Even so, the Democratic Party has at least placed on the table a semi-comprehensive domestic economic plan, and that is more than the Republican Party has offered to date and that is what President Bush needs to begin to do tonight. Bill Clinton’s approach strongly emphasizes capital formation, incentives for business investment, tax credits for research and development, and a capital-gains tax cut for small-firm start-ups. It also addresses the need for investment in infrastructure and human capital.

THE REPUBLICAN PROBLEM: By contrast, the Republican Party has to defend a dreary economic record. Sure, the worldwide recession is hardly the Republicans’ fault--it’s an international mess, and even the once-thought-invincible Japanese economy is in the throes of the recession blues. But the U.S. slowdown is very troubling. Few jobs are being created and many are disappearing. And jobs increasingly feature little or no health care benefits and little or no retirement protection. And the top U.S. industrial companies are “restructuring”--and in the process employed 3.7 million fewer workers last year than 10 years ago.

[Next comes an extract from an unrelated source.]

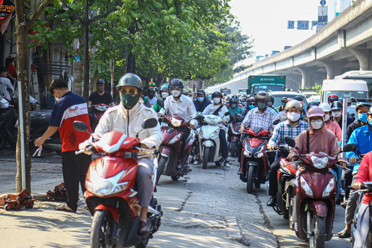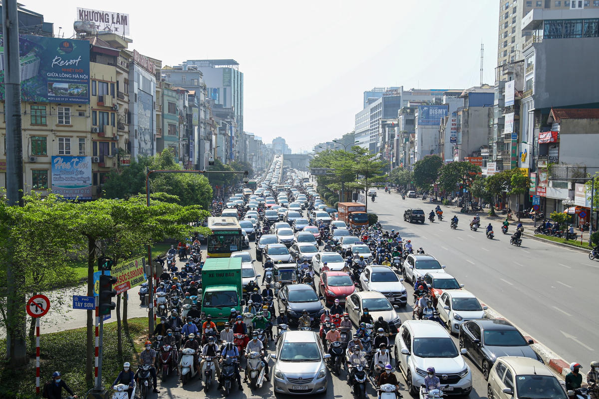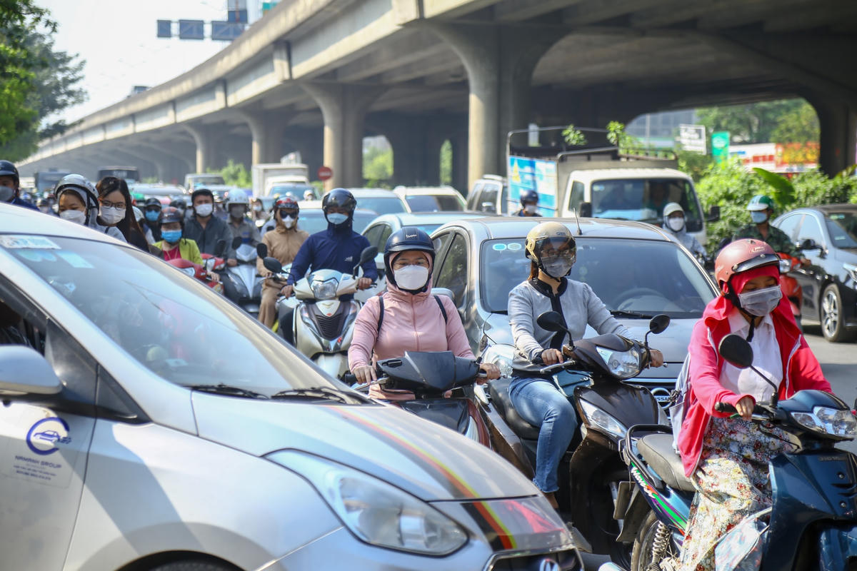 Theo ghi nhận của Đại Đoàn Kết Online, sau kỳ nghỉ lễ nhiều tuyến đường của Hà Nội lại lâm vào cảnh ùn tắc kéo dài. Đặc biệt tại nhiều điểm như Nguyễn Trãi, Nguyễn Xiển, Ngã Tư Sở, Trường Chinh... các phương tiện chen chúc nhau nhau để di chuyển trên đường.Tại đường Trần Phú (Hà Đông) lượng phương tiện di chuyển qua cung đường này luôn trong tình trạng đông đúc.Nhiều người phải chật vật len lỏi để di chuyển.Đặc biệt, do tuyến đường này ùn tắc nghiêm trọng các phương tiện xe máy leo lên vỉa hè để di chuyển. Theo đó, do không cẩn thận hai xe máy đã va chạm với nhau.Lượng phương tiện tràn về đường Nguyễn Xiển (khu vực nút giao Nguyễn Xiển - Nguyễn Trãi) khiến giao thông liên tục ùn ứ.Một số tuyến đường như Trường Chinh, tình trạng ùn tắc kéo dài hàng tiếng đồng hồ, những chiếc ô tô lưu thông qua đây gần như bị “tắc cứng” trước lượng xe máy quá đông lưu thông về hướng đường Tây Sơn và đường Láng.Dòng người và xe cộ nêm cứng ở trên đường.Người dân "phi" xe máy lên cả vỉa hè.Tại nhiều tuyến đường khác tại Hà Nội cũng trong tình trạng tương tự, lượng phương tiện đông đúc ùn ứ kéo dài.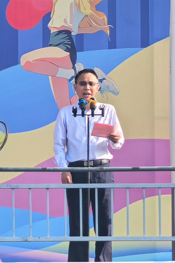 常务副校长杨学斌致开幕辞,他表示,举办秋季田径运动会,是对学校体育工作的综合检阅,是全面深化党的教育方针,办好人民满意教育的积极实践,对于繁荣学校体育文化、促进同学们身心健康、全面发展具有十分重要的意义。他希望全体师生以此次运动会为契机,发扬体育精神、展现昂扬风貌,以更加健康的体魄、更加饱满的热情、更加奋发的状态,积极投身到生活、学习当中去,为学校高质量发展开创新的局面。

It’s not realistic to expect George Bush to admit his failures as a domestic President. But if he is going to point to his successes in foreign policy--and indeed he has some to be proud of--he cannot ask America to permit him to rest on his laurels. He cannot fairly expect to be deeply convincing in his call for four more years if his domestic economic policy would be no less lackluster than in the last four. The incumbent President needs to use this occasion to paint a picture of how he would help America get back on its economic feet.